The collapse of communism in Eastern Europe and the former Soviet Union has led simultaneously to dramatic new gains for liberal democracy and to a resurgence of nationalism. Many analysts appear to regard these as contradictory phenomena, inasmuch as they consider nationalism to be fundamentally antidemocratic. I believe that this is a superficial view that distorts our understanding of what is happening in the postcommunist countries and elsewhere as well. In any case, the experience of the anticommunist revolution requires us to rethink not only the relationship between nationalism and democracy, but also many of the other basic ideas on which modern civilization is grounded.

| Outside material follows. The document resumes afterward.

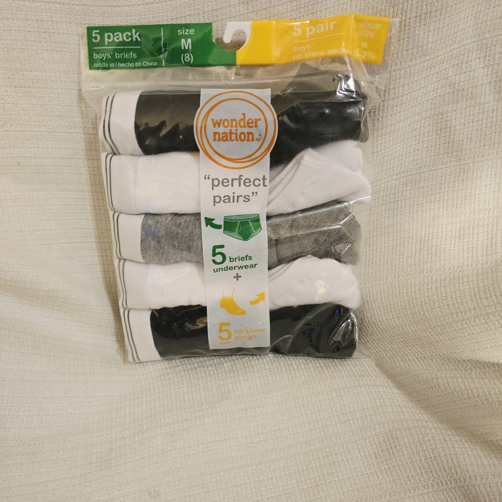 Wonder Nation Boys 5 pack Briefs Underwear Medium 5 Pair No Show Socks NEW
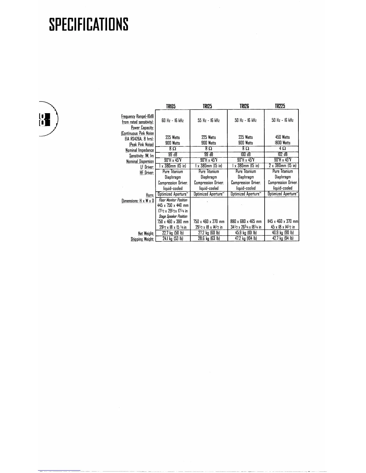 JBL TR SEries - Technical Specifications

The first major attempt at such a rethinking appeared on the very cusp of the great change when Francis Fukuyama's meditation on the "end of history" was published in the summer of 1989.1 Fukuyama's main idea, later developed at book length, was that the disintegration of communism left the idea of liberal democracy standing alone, with no viable ideological competitor in sight.2 Thus the posthistorical stage of human development, boring though it may be, has arrived, and there is no threat to the reign of liberal democracy.

Although I generally agree with Fukuyama's analysis, I do not share his mostly negative assessment of the role of nationalism in the advent, spread, and victory of liberal democracy. To put it simply, Fukuyama (despite occasional equivocations) agrees with the predominant Western view that democracy and nationalism are mutually hostile.3 If one wins, it can do so only at the other's expense. Democracy, moreover, has become a term linked to adjectives like "good," "civilized," [End Page 3] "progressive," "rational," and so on, while nationalism is associated with "backwardness," "immaturity," "barbarism," "irrationality," and the like. Given these valuations, Fukuyama's presumption that "irrationalist" nationalism does not present a viable alternative to democracy, and that history has thus come to a safe end, marks him as an optimist. Meanwhile, pessimists like Shlomo Avineri argue that nationalism, not liberal democracy, is the real successor to communism, which means that history will continue.4

But what if nationalism and democracy are not two separate things? What if nationalism is a component of the more complex entity that is called "liberal democracy"? In raising these questions, I mean to suggest that the idea of nationalism is impossible—indeed unthinkable—without the idea of democracy, and that democracy never exists without nationalism. The two are joined in a sort of complicated marriage, unable to live without each other, but coexisting in an almost permanent state of tension. Divorce might seem the logical solution to a Western liberal horrified by the twentieth century's experience of European nationalism, but this option stands revealed as nothing more than wishful thinking once real political forces are taken into account.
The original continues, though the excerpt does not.